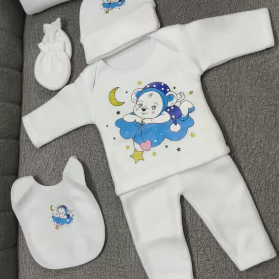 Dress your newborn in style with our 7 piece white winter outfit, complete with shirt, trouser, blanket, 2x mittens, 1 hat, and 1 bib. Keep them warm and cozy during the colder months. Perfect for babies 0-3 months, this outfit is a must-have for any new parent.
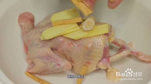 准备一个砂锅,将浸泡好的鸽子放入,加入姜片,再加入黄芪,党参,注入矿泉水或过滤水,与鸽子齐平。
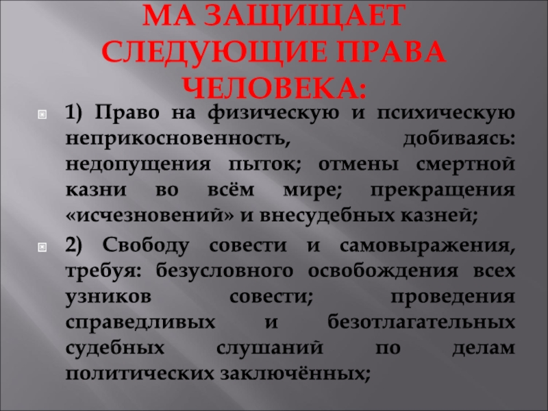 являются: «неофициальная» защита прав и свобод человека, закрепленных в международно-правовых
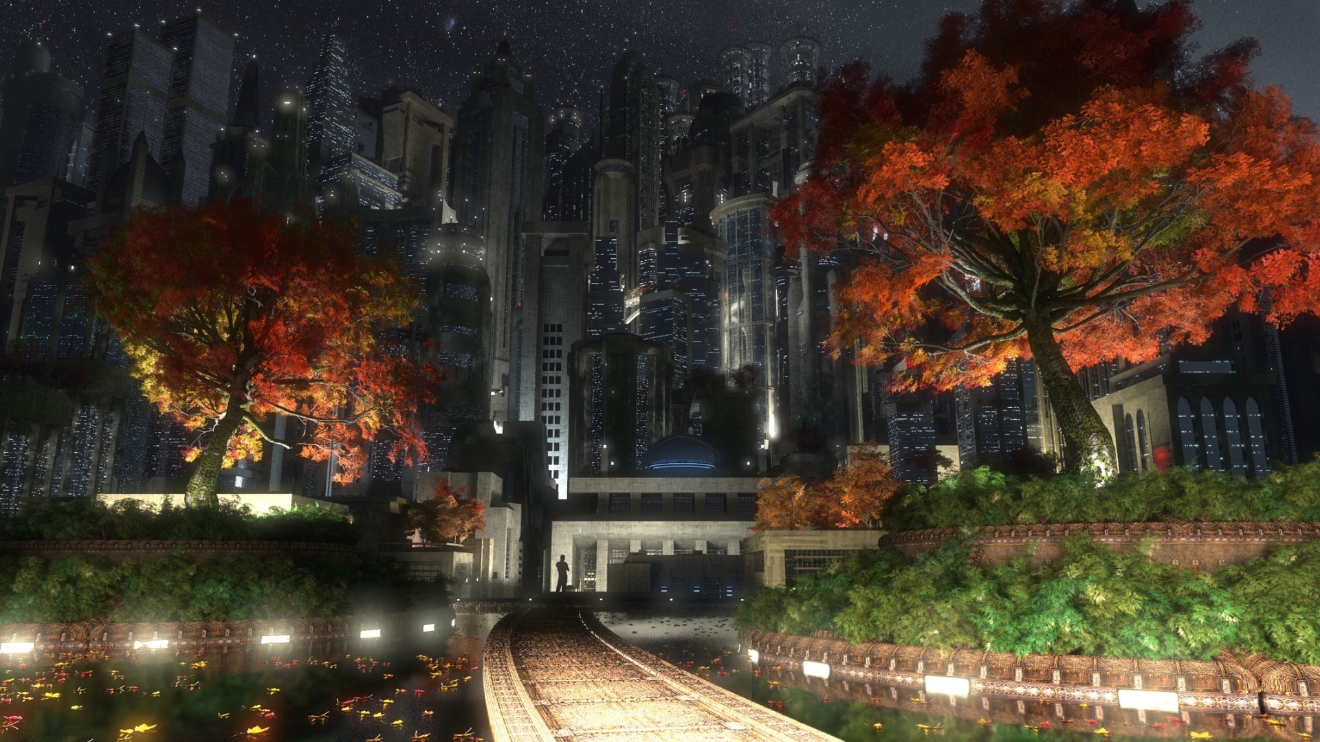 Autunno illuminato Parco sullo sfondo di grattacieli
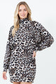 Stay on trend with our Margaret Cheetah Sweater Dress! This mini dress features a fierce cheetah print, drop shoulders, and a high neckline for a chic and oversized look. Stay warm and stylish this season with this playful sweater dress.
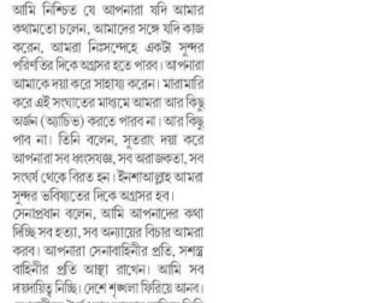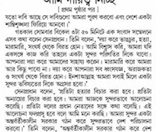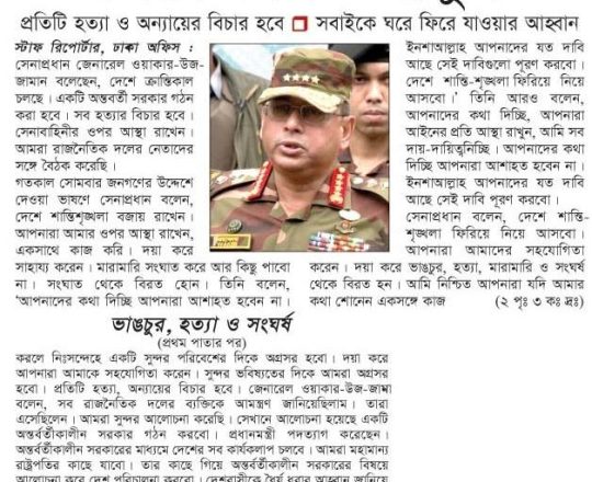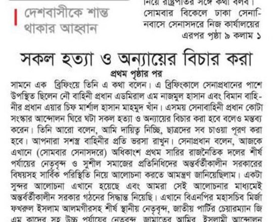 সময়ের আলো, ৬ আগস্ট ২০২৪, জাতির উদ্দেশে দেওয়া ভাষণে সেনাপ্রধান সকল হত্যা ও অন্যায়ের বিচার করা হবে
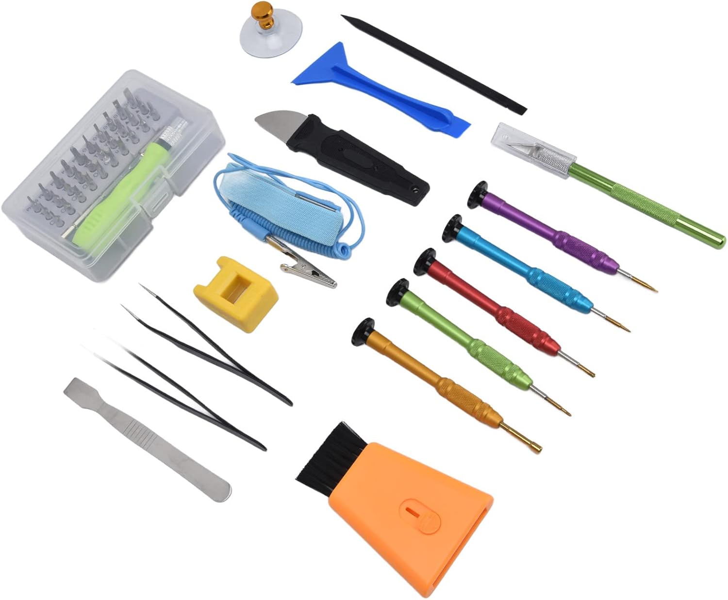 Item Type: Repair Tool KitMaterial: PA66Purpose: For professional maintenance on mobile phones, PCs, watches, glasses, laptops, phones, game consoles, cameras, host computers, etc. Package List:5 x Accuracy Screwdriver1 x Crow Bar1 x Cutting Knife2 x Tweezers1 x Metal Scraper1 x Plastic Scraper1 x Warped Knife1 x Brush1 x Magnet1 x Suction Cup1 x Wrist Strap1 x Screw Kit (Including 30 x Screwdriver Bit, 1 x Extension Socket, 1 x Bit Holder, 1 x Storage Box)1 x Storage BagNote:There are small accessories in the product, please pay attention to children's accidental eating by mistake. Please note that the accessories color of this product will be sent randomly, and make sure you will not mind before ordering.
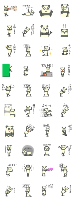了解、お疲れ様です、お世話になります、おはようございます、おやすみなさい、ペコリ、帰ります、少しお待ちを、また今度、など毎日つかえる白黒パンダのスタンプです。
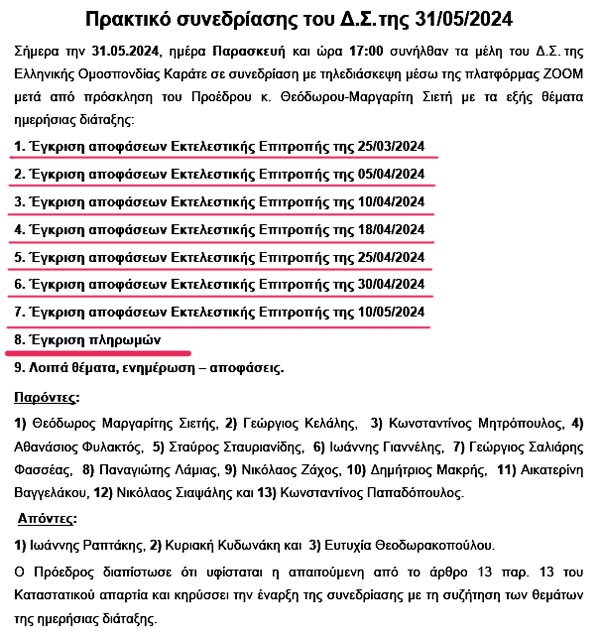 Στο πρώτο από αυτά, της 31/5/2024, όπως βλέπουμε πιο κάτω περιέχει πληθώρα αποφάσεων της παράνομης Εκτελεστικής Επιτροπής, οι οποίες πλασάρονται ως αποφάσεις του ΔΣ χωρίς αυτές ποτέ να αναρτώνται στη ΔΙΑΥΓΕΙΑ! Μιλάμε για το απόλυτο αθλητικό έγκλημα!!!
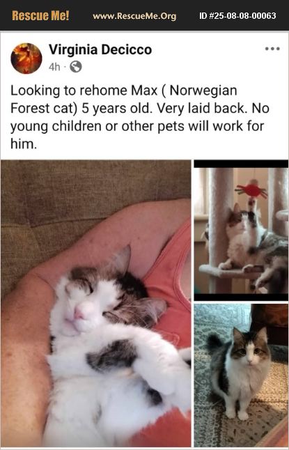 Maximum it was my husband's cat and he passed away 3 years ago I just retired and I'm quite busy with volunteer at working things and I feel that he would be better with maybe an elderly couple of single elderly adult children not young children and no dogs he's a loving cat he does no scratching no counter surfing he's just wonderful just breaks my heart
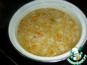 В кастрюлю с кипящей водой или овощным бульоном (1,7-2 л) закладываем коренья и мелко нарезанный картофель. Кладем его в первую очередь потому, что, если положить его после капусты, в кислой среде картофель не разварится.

---

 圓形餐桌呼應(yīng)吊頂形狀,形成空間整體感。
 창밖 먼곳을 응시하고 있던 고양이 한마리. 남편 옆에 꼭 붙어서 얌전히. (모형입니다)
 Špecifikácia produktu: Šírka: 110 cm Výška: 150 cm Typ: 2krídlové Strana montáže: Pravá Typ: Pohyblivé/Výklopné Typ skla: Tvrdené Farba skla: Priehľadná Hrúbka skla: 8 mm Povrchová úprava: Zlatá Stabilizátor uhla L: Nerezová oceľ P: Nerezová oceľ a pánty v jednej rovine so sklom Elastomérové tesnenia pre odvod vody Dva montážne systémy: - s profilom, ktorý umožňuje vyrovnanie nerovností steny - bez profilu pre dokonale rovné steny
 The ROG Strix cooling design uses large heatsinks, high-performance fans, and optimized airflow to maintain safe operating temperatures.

Exercise details: In the data above, start at the line holding "Maximum it was" and stop after the line holding "В кастрюлю с"; write out those lines exactly, without pictures.

Answer to this exercise:
 Maximum it was my husband's cat and he passed away 3 years ago I just retired and I'm quite busy with volunteer at working things and I feel that he would be better with maybe an elderly couple of single elderly adult children not young children and no dogs he's a loving cat he does no scratching no counter surfing he's just wonderful just breaks my heart
 В кастрюлю с кипящей водой или овощным бульоном (1,7-2 л) закладываем коренья и мелко нарезанный картофель. Кладем его в первую очередь потому, что, если положить его после капусты, в кислой среде картофель не разварится.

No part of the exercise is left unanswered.